─── PROVIDED DATA

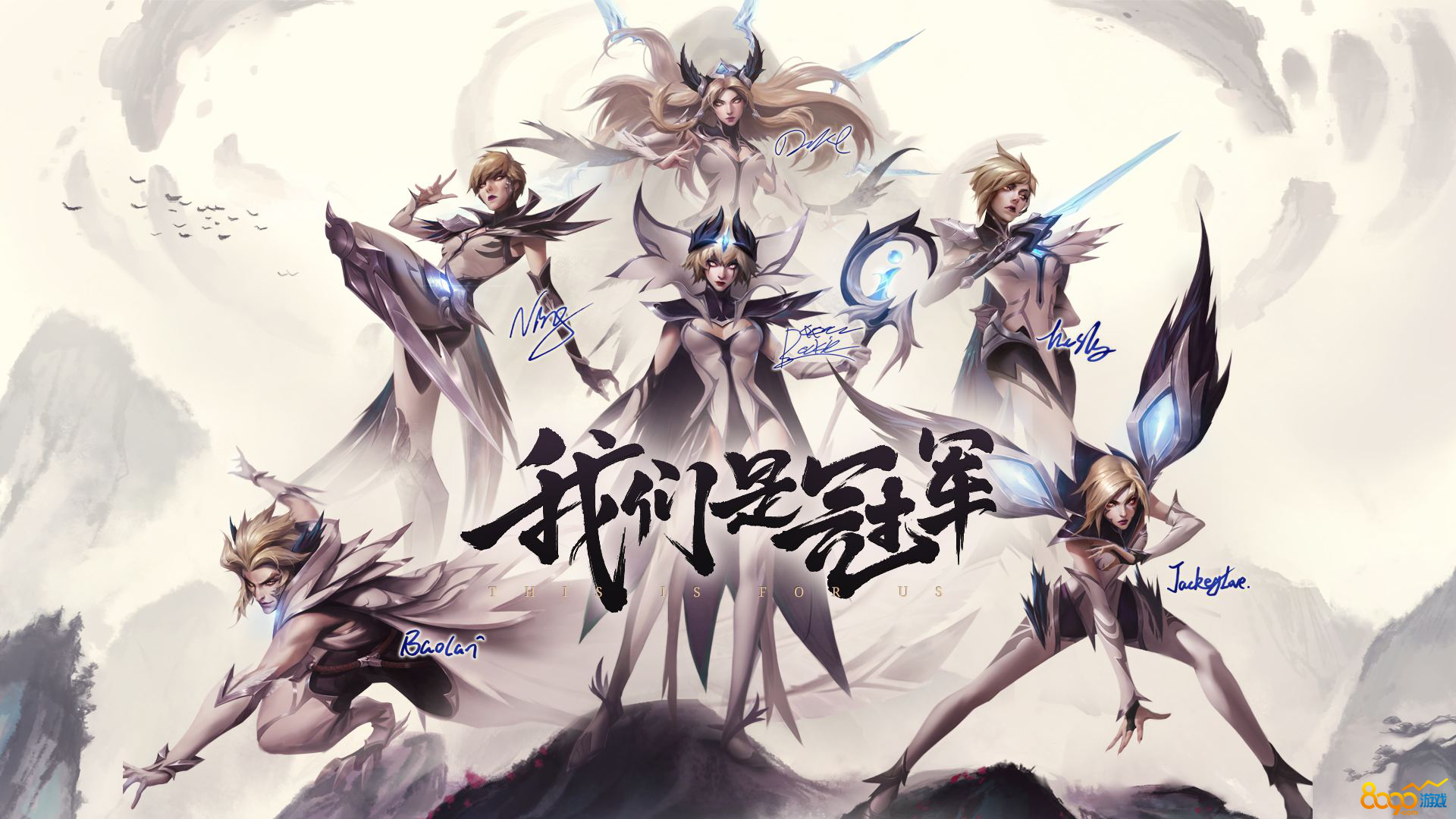不可否认的是拳头在冠军皮肤的设计上面都是有其独到之处的。本次IG战队的冠军皮肤为IG战队选手在全球总决赛期间使用过的招牌英雄,分别是乐芙兰,卡蜜儿,艾瑞莉娅,菲奥娜,洛以及卡莎。这套皮肤在设计上融入了极具中国特色的水墨元素,以黑白蓝三色为基调呈现出了浓浓“中国风”画面。而且在英雄回城以及游戏载入时均有IG成员的签名和IG的图标浮现,具有很好的纪念意义~
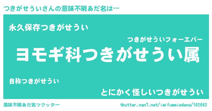 | 男性向けラノベタイトル風あだ名 | 『つきがせうい~年齢イコール彼女いない歴の魔法使い~』 |
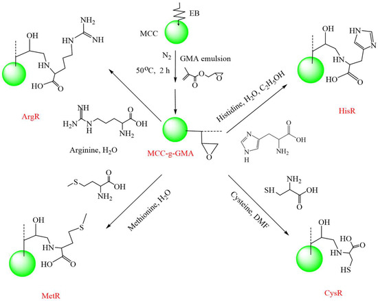 Secondly, the MCC-g-GMA (2.0 g) was immersed into different solutions and allowed to react at 80 °C for 24 h. The solution was divided into four types: 20 mL of 10 wt% arginine aqueous solution, 20 mL of 20 wt% cysteine DMF solution, 20 mL of 10 wt% methionine aqueous solution, and 20 mL of 10 wt% histidine 50%H2O/50% EtOH solution. After the reaction, these final products were washed with de-ionized water and dried at 60 °C to a constant weight. Scheme 1 shows the preparation procedure for the amino acid resins.
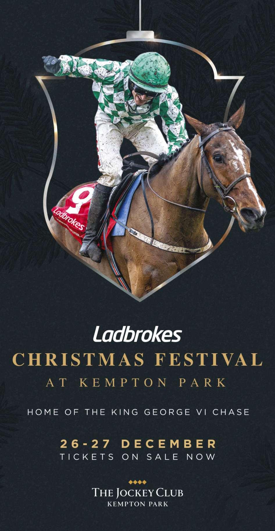1.ARAMIS GREY (IRE) 2.TOTAL COMMITMENT (IRE) 3.TYGER BAY RACE RESULT 1ST 2ND 3RD 4TH RACE TIME DISTANCE CUSTOMER PROMISE The team at Kempton recognise how important you are to our business. Our Customer Promise is that we are committed to delivering the best experience we can for you by: • Being welcoming and friendly • Treating you with respect • Being flexible to your needs • Being committed to consistently delivering quality & value • Providing clear and relevant information in a timely and appropriate manner • Encouraging and valuing your feedback to help us improve your experience All we ask is that if you feel like we haven’t delivered on this promise or would like to offer us any feedback on your experience, please do let us know by emailing us at kempton.information@thejockeyclub.co.uk T: 0344 579 3008 E: kempton.information@thejockeyclub.co.uk W: thejockeyclub.co.uk/kempton You must be 18 or over to place a bet You may be asked to provide proof of your age when placing a bet If you cannot produce this your bet will not be accepted TODAY’S RACE SPONSOR find out more about today’s race sponsor at unibet.co.uk
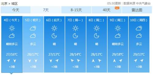 北京市氣象臺預(yù)計(jì),今天白天晴間多云,北轉(zhuǎn)南風(fēng)二三間四級,最高氣溫27℃;夜間晴轉(zhuǎn)多云,南轉(zhuǎn)北風(fēng)二級左右,最低氣溫16℃。
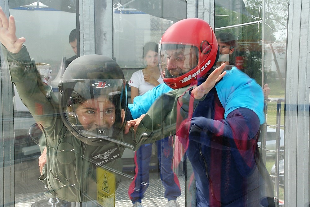 Contrairement au parachutisme, le vol en soufflerie est une expérience qui peut aussi être expérimentée par les enfants de 5 ans et plus.
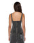 The Cargo Top Cinder is a fitted full-length bodice featuring a raw cut hem and self-adjustable straps, made from premium black stonewashed denim with tobacco topstitching. It includes front flap pockets, 3D zipper patch pockets, an exposed center back zipper, and is finished with T-box embroidery. Style back with the Soho Slouch Cargo Cinder for a cool-girl double denim look.
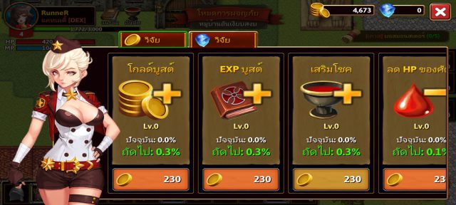 อย่าลืมอัพเกรดกระเป๋าซื้อโพชั่น ทำให้สามารถซื้อโพชั่นได้เยอะขึ้น เพราะการต่อสู้ที่อยู่ในระหว่างดันเจี้ยนไม่สามารถฟื้นฟู HP อัตโนมัติ การใช้โพชั่นจึงจำเป็นอย่างมาก หรือหามอนสเตอร์ที่เน้นดอกเดียวตายจะช่วยประหยัด Hp ไปได้เยอะ นอกจากนี้ก็อย่าลืมวิจัยเพื่อเพิ่มประสิทธิภาพของตัวละคร เช่นพวก เพิ่ม Gold , เพิ่ม EXP ที่ได้รับ เสริมโชค หรือลด HP ของศัตรู ซึ่งจะต้องใช้ Gold ในการอัพเดท เหล่านี้จะช่วยให้เราแข็งแกร่งขึ้นได้มาก
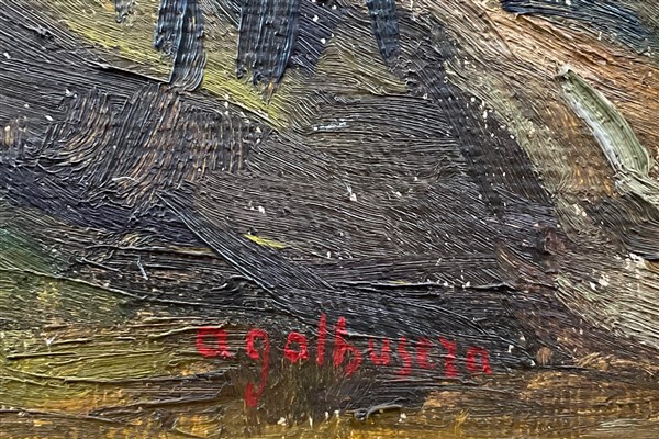 Lot 534 | Ignoto "Paesaggio con casa e albero" olio su tela (cm 50x60) firmato Galbusera
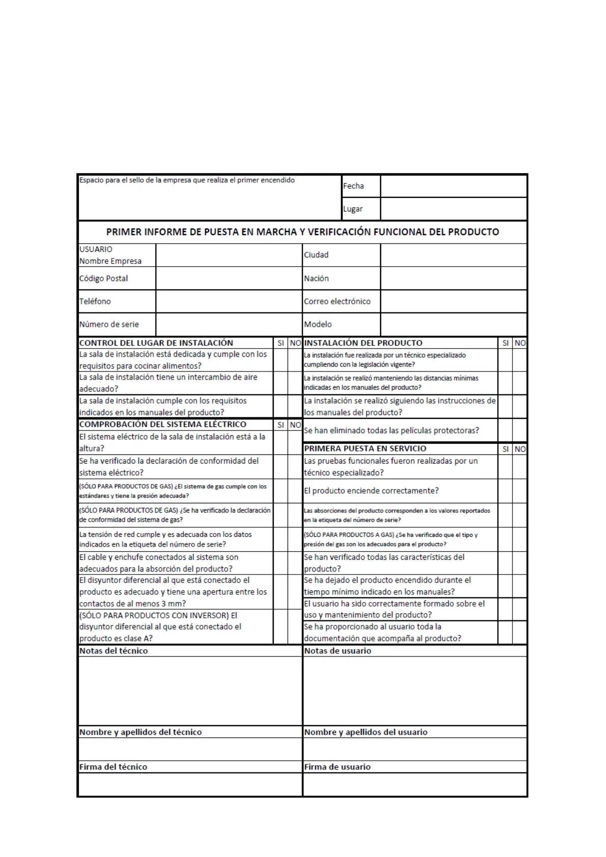 INFORME DE PRIMERA PUESTA EN MARCHA Y COMPROBACIÓN FUNCIONAL DEL PRODUCTO

──────

#### TASK BRIEF
Repeat verbatim the lines between the start of the data and the line containing "Secondly, the MCC-g-GMA", both ends included, omitting all pictures.

#### SOLUTION FOR THIS TASK
不可否认的是拳头在冠军皮肤的设计上面都是有其独到之处的。本次IG战队的冠军皮肤为IG战队选手在全球总决赛期间使用过的招牌英雄,分别是乐芙兰,卡蜜儿,艾瑞莉娅,菲奥娜,洛以及卡莎。这套皮肤在设计上融入了极具中国特色的水墨元素,以黑白蓝三色为基调呈现出了浓浓“中国风”画面。而且在英雄回城以及游戏载入时均有IG成员的签名和IG的图标浮现,具有很好的纪念意义~
 | 男性向けラノベタイトル風あだ名 | 『つきがせうい~年齢イコール彼女いない歴の魔法使い~』 |
 Secondly, the MCC-g-GMA (2.0 g) was immersed into different solutions and allowed to react at 80 °C for 24 h. The solution was divided into four types: 20 mL of 10 wt% arginine aqueous solution, 20 mL of 20 wt% cysteine DMF solution, 20 mL of 10 wt% methionine aqueous solution, and 20 mL of 10 wt% histidine 50%H2O/50% EtOH solution. After the reaction, these final products were washed with de-ionized water and dried at 60 °C to a constant weight. Scheme 1 shows the preparation procedure for the amino acid resins.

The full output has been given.